To prove the claim, it suffices to show $$g(x,y) \ge g(x_1,y_1)$$ for all $(x,y)\in D$, where $$D=\{(x,y)\in \mathbb{R}^2\mid 6x^2+19y^2\ge (120)^2\}$$
So fix $(x,y)\in D$, and let $u=\sqrt{6x^2+19y^2}$.
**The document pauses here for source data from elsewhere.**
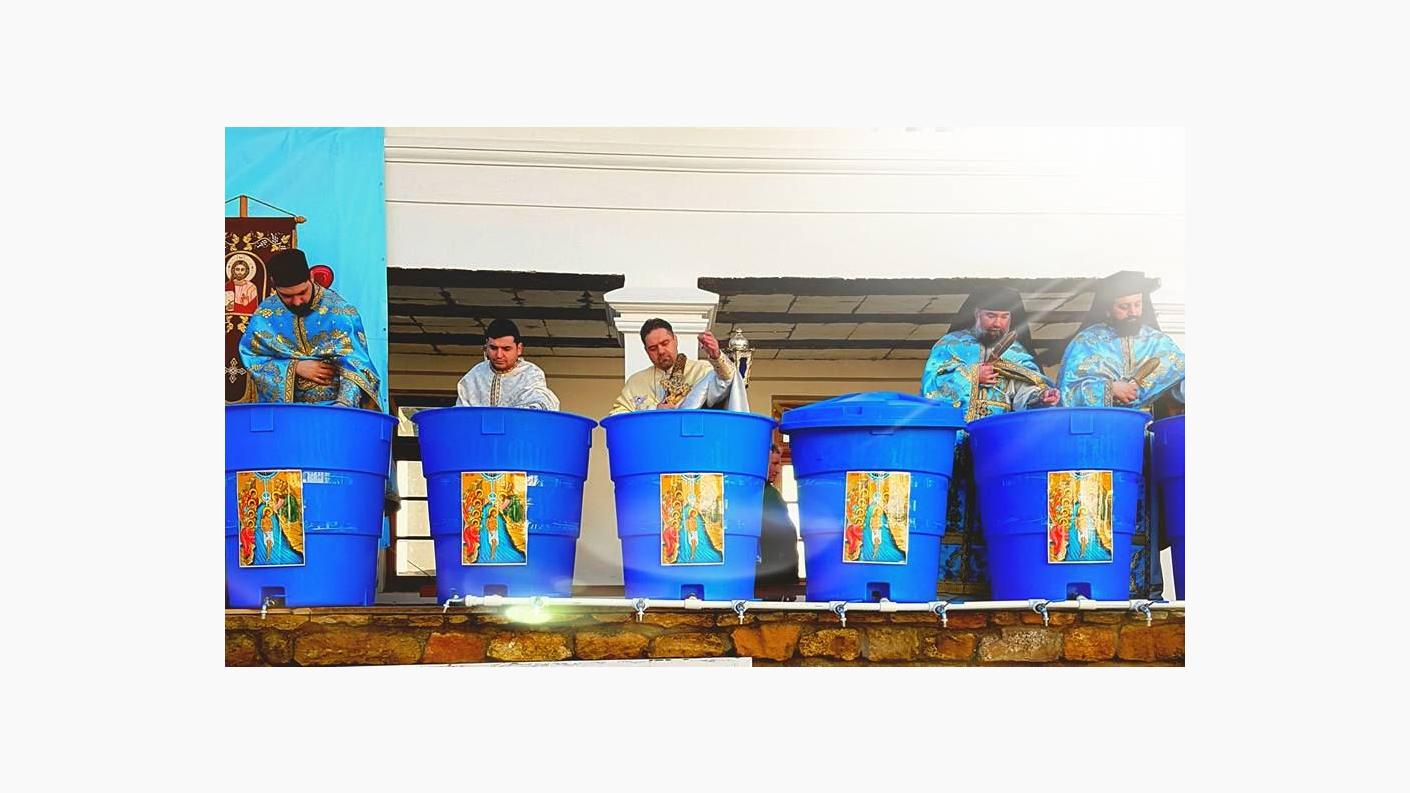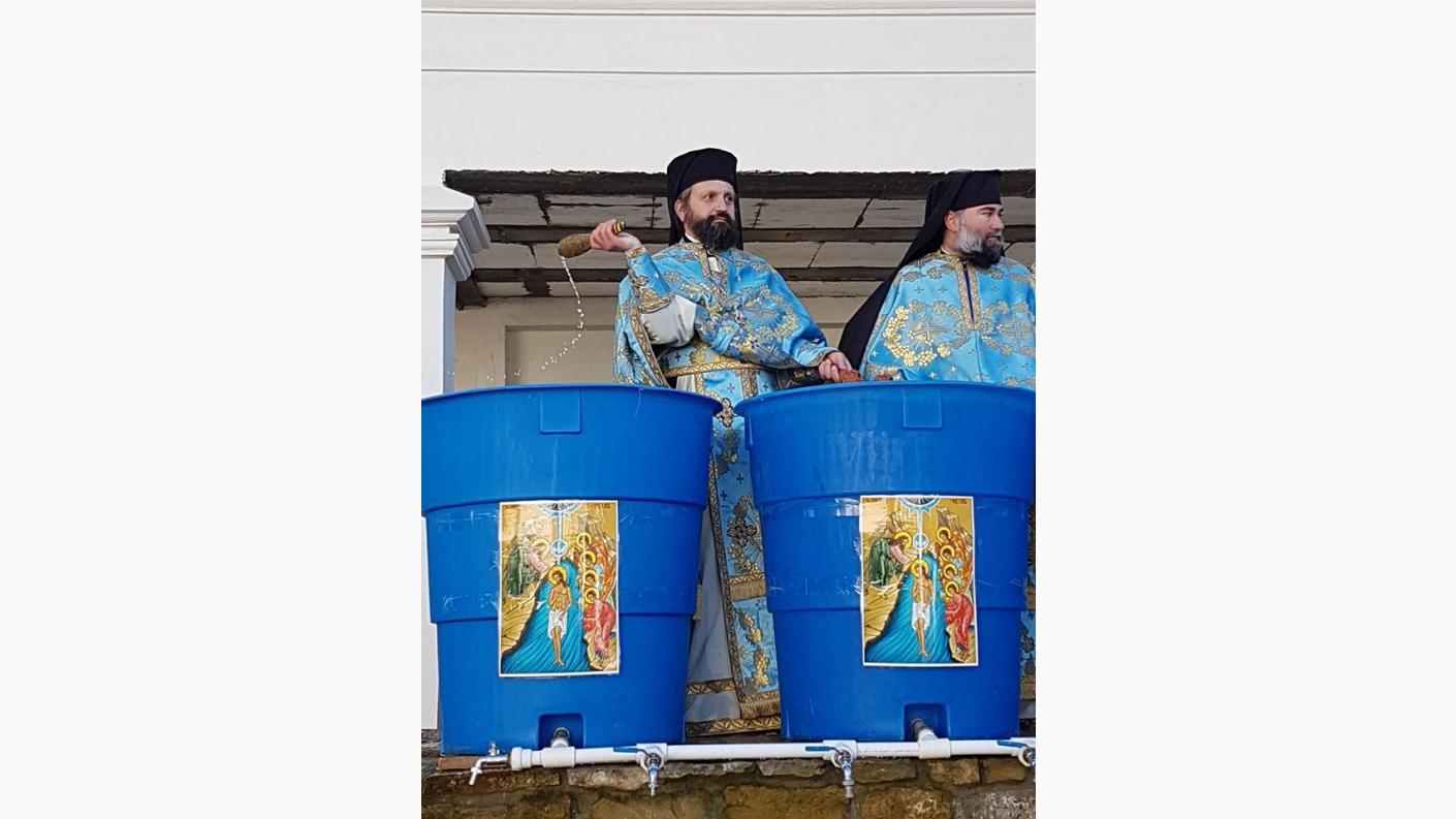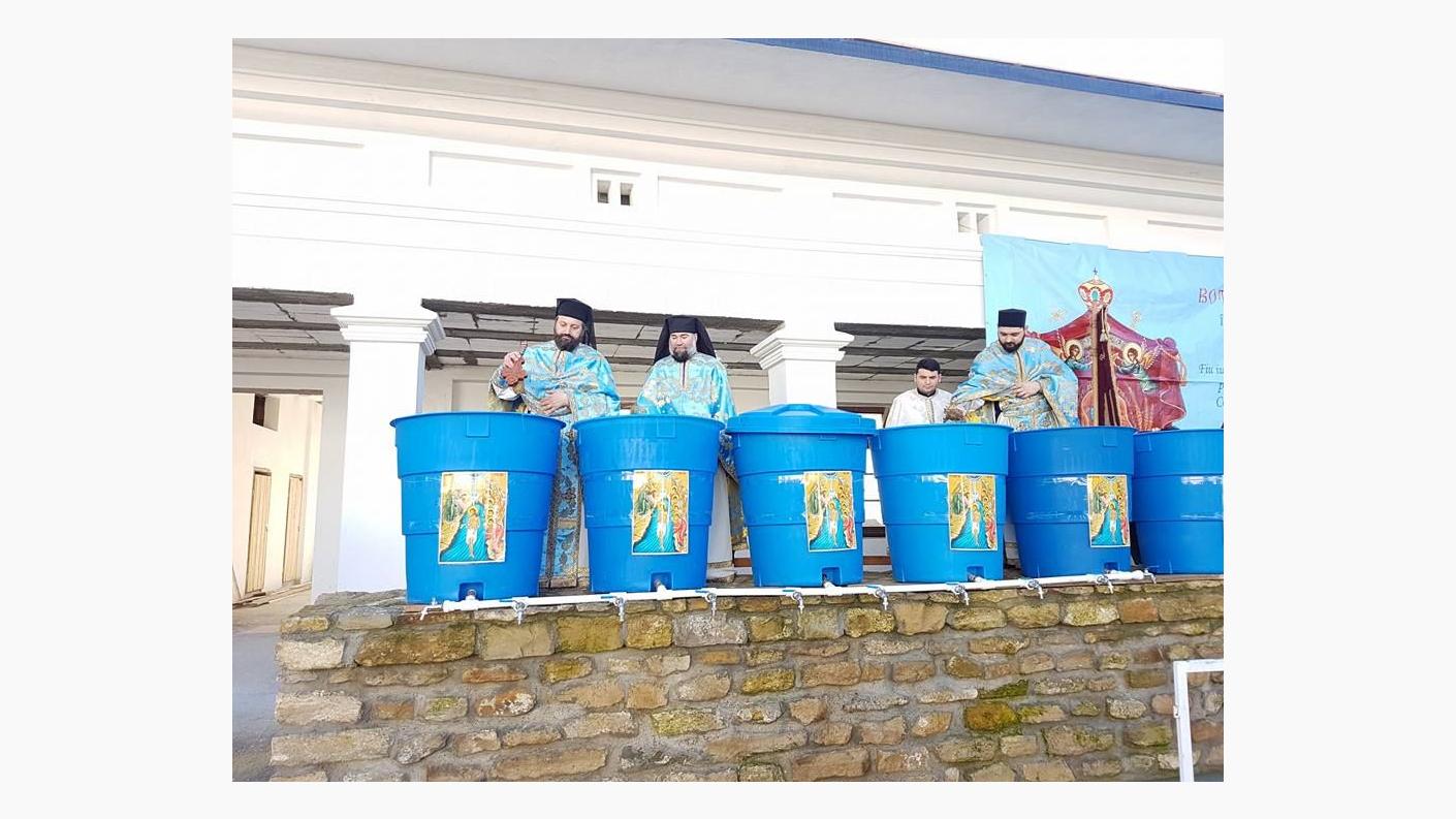 După oficierea Liturghiei, a urmat slujba Sfințirii celei Mari a apei, la finele căreia părintele Vicar Eparhial Pimen Costea, a eliberat în mod simbolic un porumbel alb. Porumbelul, în tradiția ortodoxă, simbolizează prezența sfințitoare peste firea apelor și a întregii creații a Sfântului Duh.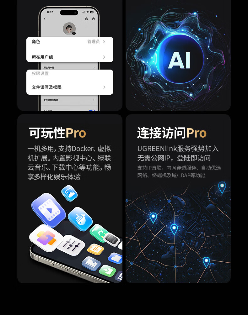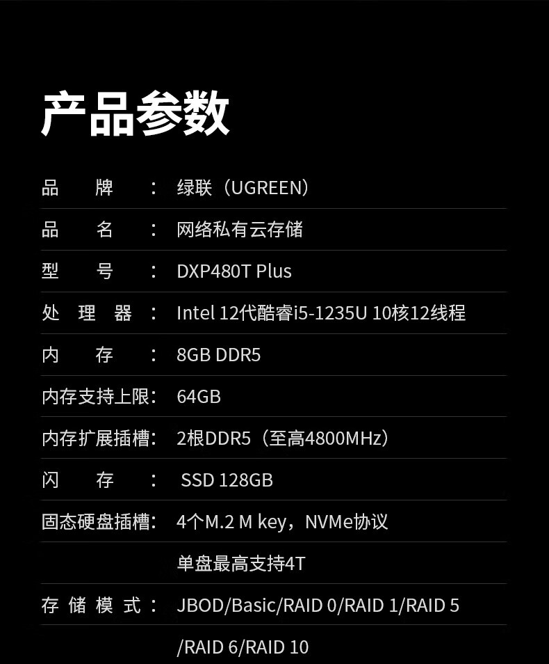 绿联/UGREEN DXP480T Plus 网络存储设备 私有云DXP480T Plus全闪四盘位NAS网络存储个人云硬盘服务器AI相册 万兆网口 媒体高速工作站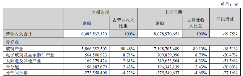 对于本期业绩变动,公司此前在业绩预告中称,受光伏玻璃和浮法玻璃价格下降影响,公司光伏玻璃和浮法玻璃业务毛利同比下滑;此外,因产品售价下跌,公司根据会计准则等规定,对可变现净值下降的部分存货计提了存货跌价准备。

Then we get the inequalities \begin{align*} |x| &\le \frac{u}{\sqrt{6}} \le \frac{u}{2}\\[4pt] |y| &\le\frac{u}{\sqrt{19}} \le \frac{u}{4}\\[4pt] \end{align*} and also, by $\text{AM}$-$\text{GM}$, we get $$u^2 = 6x^2+19y^2 \ge \left(2\sqrt{114}\right)|xy| \ge 20|xy|$$ hence $$|xy|\le \frac{u^2}{20}$$
Since $(x,y)\in D$, we have $u \ge 120$, hence \begin{align*} g(x,y) &=6x^2+19y^2+12xy-49x-88y+148\\[4pt] &=(6x^2+19y^2)+12(xy) - (49x + 88y) + 148\\[4pt] &\ge u^2 - 12\left({\small{\frac{u^2}{20}}}\right) - \left( 49\bigl({\small{\frac{u}{2}}}\bigr) + 88\bigl({\small{\frac{u}{4}}}\bigr) \right) +148 \\[4pt] &={\small{\frac{2}{5}}}u^2-{\small{\frac{93}{2}}}u+148\\[4pt] &={\small{\frac{1}{10}}}u(4u-465)+148\\[4pt] &\ge{\small{\frac{1}{10}}}(120)(4(120)-465)+148\\[4pt] &=328\\[4pt] &> {\small{\frac{449}{24}}}\\[4pt] &=g(x_1,y_1)\\[4pt] \end{align*} Therefore $g(x_1,y_1)= {\large{\frac{449}{24}}}\\[4pt]$ is a global minimum value of $g$, as claimed.
It follows that ${\large{\frac{449}{24}}}$ is a global minimum value of $f$, subject to the given constraints.
Note:
Next, consider an alternative solution via Lagrange multipliers . . .
We want to minimize $$f(x,y,z,w)=2x^2+3y^2+3z^2+w^2-2xy+xz$$ subject to the constraints \begin{align*} p(x,y,z,w)&=x+2y-z=7\\[4pt] q(x,y,z,w)&=x-z+w=6\\[4pt] \end{align*} Then we have \begin{align*} \nabla f &= \langle{4x-2y+z,6y-2x,6z+x,2w}\rangle\\[4pt] \nabla p &= \langle{1,2,-1,0}\rangle\\[4pt] \nabla q &= \langle{1,0,-1,1}\rangle\\[4pt] \end{align*} The local extrema of $f$, subject to the given constraints, satisfy $$\nabla f = a\nabla{p}+ b\nabla{q}$$ for some $a,b \in \mathbb{R}$.
Hence, we get the system \begin{align*} x+2y-z&=7\tag{eq1}\\[4pt] x-z+w&=6\tag{eq2}\\[4pt] 4x-2y+z&=a+b\tag{eq3}\\[4pt] 6y-2z&=2a\tag{eq4}\\[4pt] 6z+x&=-a-b\tag{eq5}\\[4pt] 2w&=b\tag{eq6}\\[4pt] \end{align*} of $6$ linear equations in $6$ unknowns, which has the unique solution $$ (x_1,y_1,z_1,w_1,a_1,b_1)= \bigl( {\small{\frac{31}{12}}}, {\small{\frac{3}{2}}}, {\small{\frac{-17}{12}}}, 2, {\small{\frac{23}{12}}}, 4 \bigr) $$ yielding $$f(x_1,y_1,z_1,w_1)={\small{\frac{449}{24}}}$$ matching our previous result.
However, short of reverting back to the non-Lagrange proof, I don't see an easy way of showing that ${\large{\frac{449}{24}}}$ is a global minimum value of $f$, subject to the given constraints.
Thus, for this problem, I would regard the non-Lagrange approach as the better approach.